Dunno if that's trustworthy and ymmv, but....could always try, say you heard Honda does it for a buddy of yours



jbird2002jp said:


> hey everybody.
> 
> I leased a new vehicle in January of 2014 to use (sporadically) for my consulting business and very often for driving as an uber partner.
> 
> ...


----------



## jbird2002jp (Apr 8, 2016)

thanks, Adieu. I considered that scenario possibility as well. I may mention it to the dealership.
Thanks again!


----------



## tradedate (Nov 30, 2015)

Adieu said:


> This one guy I met a few times at stage lots said that his (Honda) dealership claimed it could waive mileage surcharges if he signed a new lease for the next car when he returned it
> 
> Dunno if that's trustworthy and ymmv, but....could always try, say you heard Honda does it for a buddy of yours


I wouldn't trust that if it's not in writing. Just think how high employee turnover is at a car dealership.

And they might be rolling the extra mileage cost into the cost of the new lease or loan.


----------



## Adieu (Feb 21, 2016)

tradedate said:


> I wouldn't trust that if it's not in writing. Just think how high employee turnover is at a car dealership.
> 
> And they might be rolling the extra mileage cost into the cost of the new lease or loan.


Oh I KNOW

Just saying it's worth trying to see if OP's dealer might go for it...


----------



## jbird2002jp (Apr 8, 2016)

thanks everybody, will be meeting dealership people in the next couple of days!


----------



## occupant (Jul 7, 2015)

If it is a 2014 Mazda6 sedan, current body style, there is no reason you can't sell it yourself for a lot more than book trade value. If I could've purchased a '14 Mazda6 for $9000 with a hundred thousand miles I sure as sunshine wouldn't currently be running around in a 2010 Malibu 2LT V6 with 70,000 for $9400.
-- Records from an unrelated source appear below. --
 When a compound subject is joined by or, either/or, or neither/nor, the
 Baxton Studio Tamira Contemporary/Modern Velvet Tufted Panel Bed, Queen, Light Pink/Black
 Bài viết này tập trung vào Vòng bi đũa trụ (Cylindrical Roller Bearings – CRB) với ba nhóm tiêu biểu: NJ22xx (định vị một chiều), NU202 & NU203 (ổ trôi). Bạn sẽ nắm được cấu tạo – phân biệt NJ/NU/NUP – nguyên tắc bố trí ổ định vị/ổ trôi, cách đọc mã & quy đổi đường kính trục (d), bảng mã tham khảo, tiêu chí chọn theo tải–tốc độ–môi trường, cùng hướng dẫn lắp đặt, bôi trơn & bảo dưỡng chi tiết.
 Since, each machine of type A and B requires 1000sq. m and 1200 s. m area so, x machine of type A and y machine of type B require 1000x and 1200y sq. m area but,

Search your local CL. See what similar 6's are fetching. Put up an ad. Even if you sell it for 10,000 it's way better than either other option mentioned.


----------



## Mars Troll Number 4 (Oct 30, 2015)

Returning a car with 45K over the lease is going to cost you a royal pretty penny,

It could be as high as .25c per mile to go over. Returning it could cost you as much as 11,250. At that point, if it's close to 10,000 in fees to go over mileage, your probobly going to be better off buying it.


----------



## LAuberX (Jun 3, 2014)

MUCH cheaper to buy the car now that you have racked up more miles than lease allows (why you don't do a "regular" lease for Uber)

I think a 2014 with 100k should still be worth $11,500-$12,000 retail, but you know the cars history, why not just buy it and keep it until the wheels fall off?


----------